Adult infiltrating gliomas with WHO 2016 integrated diagnosis: additional prognostic roles of ATRX and TERT

  • Melike PekmezciEmail author
  • Terri Rice
  • Annette M. Molinaro
  • Kyle M. Walsh
  • Paul A. Decker
  • Helen Hansen
  • Hugues Sicotte
  • Thomas M. Kollmeyer
  • Lucie S. McCoy
  • Gobinda Sarkar
  • Arie Perry
  • Caterina Giannini
  • Tarik Tihan
  • Mitchel S. Berger
  • Joseph L. Wiemels
  • Paige M. Bracci
  • Jeanette E. Eckel-Passow
  • Daniel H. Lachance
  • Jennifer Clarke
  • Jennie W. Taylor
  • Tracy Luks
  • John K. Wiencke
  • Robert B. Jenkins
  • Margaret R. Wrensch
Original Paper

Abstract

The “integrated diagnosis” for infiltrating gliomas in the 2016 revised World Health Organization (WHO) classification of tumors of the central nervous system requires assessment of the tumor for IDH mutations and 1p/19q codeletion. Since TERT promoter mutations and ATRX alterations have been shown to be associated with prognosis, we analyzed whether these tumor markers provide additional prognostic information within each of the five WHO 2016 categories. We used data for 1206 patients from the UCSF Adult Glioma Study, the Mayo Clinic and The Cancer Genome Atlas (TCGA) with infiltrative glioma, grades II-IV for whom tumor status for IDH, 1p/19q codeletion, ATRX, and TERT had been determined. All cases were assigned to one of 5 groups following the WHO 2016 diagnostic criteria based on their morphologic features, and IDH and 1p/19q codeletion status. These groups are: (1) Oligodendroglioma, IDH-mutant and 1p/19q-codeleted; (2) Astrocytoma, IDH-mutant; (3) Glioblastoma, IDH-mutant; (4) Glioblastoma, IDH-wildtype; and (5) Astrocytoma, IDH-wildtype. Within each group, we used univariate and multivariate Cox proportional hazards models to assess associations of overall survival with patient age at diagnosis, grade, and ATRX alteration status and/or TERT promoter mutation status. Among Group 1 IDH-mutant 1p/19q-codeleted oligodendrogliomas, the TERT-WT group had significantly worse overall survival than the TERT-MUT group (HR: 2.72, 95% CI 1.05–7.04, p = 0.04). In both Group 2, IDH-mutant astrocytomas and Group 3, IDH-mutant glioblastomas, neither TERT mutations nor ATRX alterations were significantly associated with survival. Among Group 4, IDH-wildtype glioblastomas, ATRX alterations were associated with favorable outcomes (HR: 0.36, 95% CI 0.17–0.81, p = 0.01). Among Group 5, IDH-wildtype astrocytomas, the TERT-WT group had significantly better overall survival than the TERT-MUT group (HR: 0.48, 95% CI 0.27–0.87), p = 0.02). Thus, we present evidence that in certain WHO 2016 diagnostic groups, testing for TERT promoter mutations or ATRX alterations may provide additional useful prognostic information.

Keywords

Glioma classification ATRX alteration TERT promoter mutation Brain tumor prognosis Telomere maintenance 

Notes

Acknowledgements

Work at University of California, San Francisco, was supported by the National Institutes of Health (Grant Numbers R01CA52689, P50CA097257, R01CA126831, R01CA139020 and R25CA112355), as well as the loglio Collective, the National Brain Tumor Foundation, The Sontag Foundation, the Stanley D. Lewis and Virginia S. Lewis Endowed Chair in Brain Tumor Research, the Robert Magnin Newman Endowed Chair in Neuro-oncology, and by donations from families and friends of John Berardi, Helen Glaser, Elvera Olsen, Raymond E. Cooper, and William Martinusen.
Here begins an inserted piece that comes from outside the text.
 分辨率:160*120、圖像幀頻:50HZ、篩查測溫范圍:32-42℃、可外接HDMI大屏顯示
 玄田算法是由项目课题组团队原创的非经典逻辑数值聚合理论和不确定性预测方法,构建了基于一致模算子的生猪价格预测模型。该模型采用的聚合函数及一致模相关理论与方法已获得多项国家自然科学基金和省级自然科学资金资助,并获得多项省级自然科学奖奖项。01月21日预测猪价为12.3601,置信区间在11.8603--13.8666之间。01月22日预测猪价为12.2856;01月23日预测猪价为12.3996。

Work at the Mayo Clinic was supported by the National Institutes of Health (Grant Numbers P50CA108961 and P30CA15083), National Institute of Neurological Disorders and Stroke (Grant Number RC1NS068222Z), the Bernie and Edith Waterman Foundation, and the Ting Tsung and Wei Fong Chao Family Foundation.
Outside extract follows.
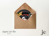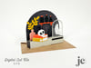 I imagine a cute li'l witch would have a cute li'l office, right?! This fun pop-up card features a black kitty gazing at his ghostly friend, floating in a bell jar. On the desk, is a stack of magic books, a skull and a vase with a spray of foliage. Behind the desk is a shelf with bottled potions. The bell jar is cut from .007mil acetate and glued/sandwiched between the bell jar outlines for a transparent effect and allows for the ghost to "float" in mid air.

This publication was supported by the National Center for Research Resources and the National Center for Advancing Translational Sciences, National Institutes of Health, through UCSF-CTSI Grant Number UL1RR024131. Its contents are solely the responsibility of the authors and do not necessarily represent the official views of the NIH.
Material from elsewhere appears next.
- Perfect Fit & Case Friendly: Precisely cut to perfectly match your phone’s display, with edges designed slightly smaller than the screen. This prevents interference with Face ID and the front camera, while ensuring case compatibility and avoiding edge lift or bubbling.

The collection of cancer incidence data used in this study was supported by the California Department of Public Health as part of the statewide cancer reporting program mandated by California Health and Safety Code Sect. 103885; the National Cancer Institute’s Surveillance, Epidemiology and End Results Program under contract HHSN261201000140C awarded to the Cancer Prevention Institute of California, contract HHSN261201000035C awarded to the University of Southern California, and contract HHSN261201000034C awarded to the Public Health Institute; and the Centers for Disease Control and Prevention’s National Program of Cancer Registries, under agreement # U58DP003862-01 awarded to the California Department of Public Health. The ideas and opinions expressed herein are those of the author(s) and endorsement by the State of California Department of Public Health, the National Cancer Institute, and the Centers for Disease Control and Prevention or their Contractors and Subcontractors is not intended nor should be inferred.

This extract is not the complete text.